Some after-school providers are growing increasingly impatient with the City’s lack of clarity on the status of the fees. A group of 10 after-school program providers sent a letter to the mayor as well as Schools Chancellor Meisha Ross Porter urging officials to stop charging after-school providers to use DOE buildings before 6:00 p.m.

“Prior to the pandemic, DOE practice was to not charge nonprofit after-school providers for permits for programs until 6:00 p.m.
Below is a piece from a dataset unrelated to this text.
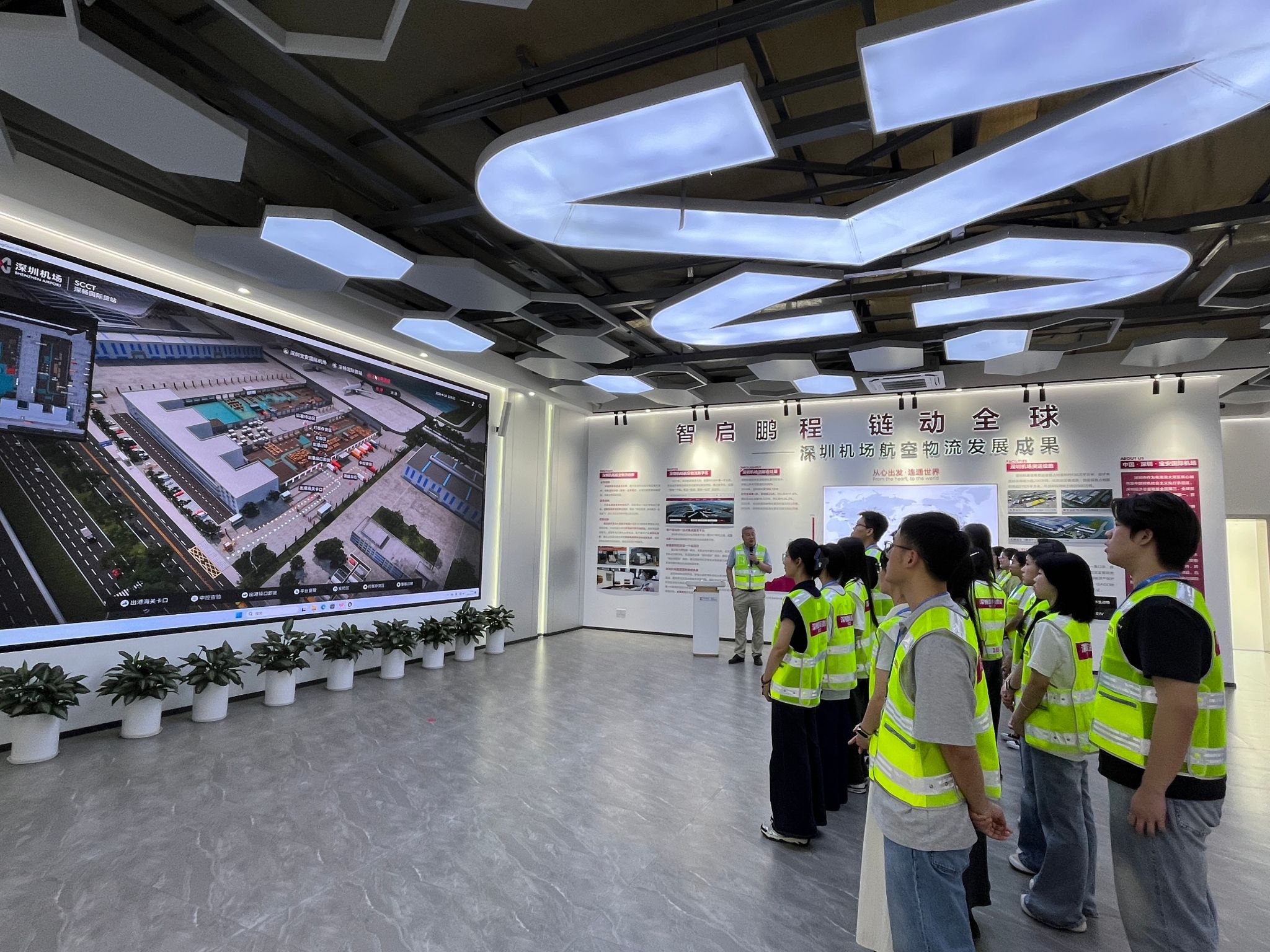 参观过程中,同学们就智能分拣系统的效率提升、海关监管流程等积极提问,与魏经理展开热烈讨论。有学生表示:“此行最大的收获,是把课堂上分散的知识点,在动态的产业现场串联成了完整的知识网络。”国际货站内高效的流程协同与科技应用,不仅加深了学生对专业的理解,也激发了投身民航物流领域的热情。

The agreement on this practice dates back to at least the Dinkins administration and was implemented in an effort to provide after-school programs for the families of New York City,” the letter reads. “If the DOE does not immediately resume this practice, program providers will have no choice but to pass these costs on to families, who are ill-positioned to absorb such a burden, or to cancel programs entirely.”

Peerbooms, who is also one of the letter’s co-signers, also believes removing the permit fees is essential to New York City’s full reopening given how many parents use after-school programs as a form of daycare for their children. 

“If there is any hope to return to normal that the after-school programming system has to fire on all cylinders,” Peerbooms said. 

In response to questions from amNewYork Metro on the status of the fees, DOE spokesperson Nathaniel Styer said, “providing all of our students with enriching programming during and after school is a critical part of full opening this fall, and we are evaluating fees based on updated CDC guidance related to cleaning and disinfecting and will soon share updates with schools.”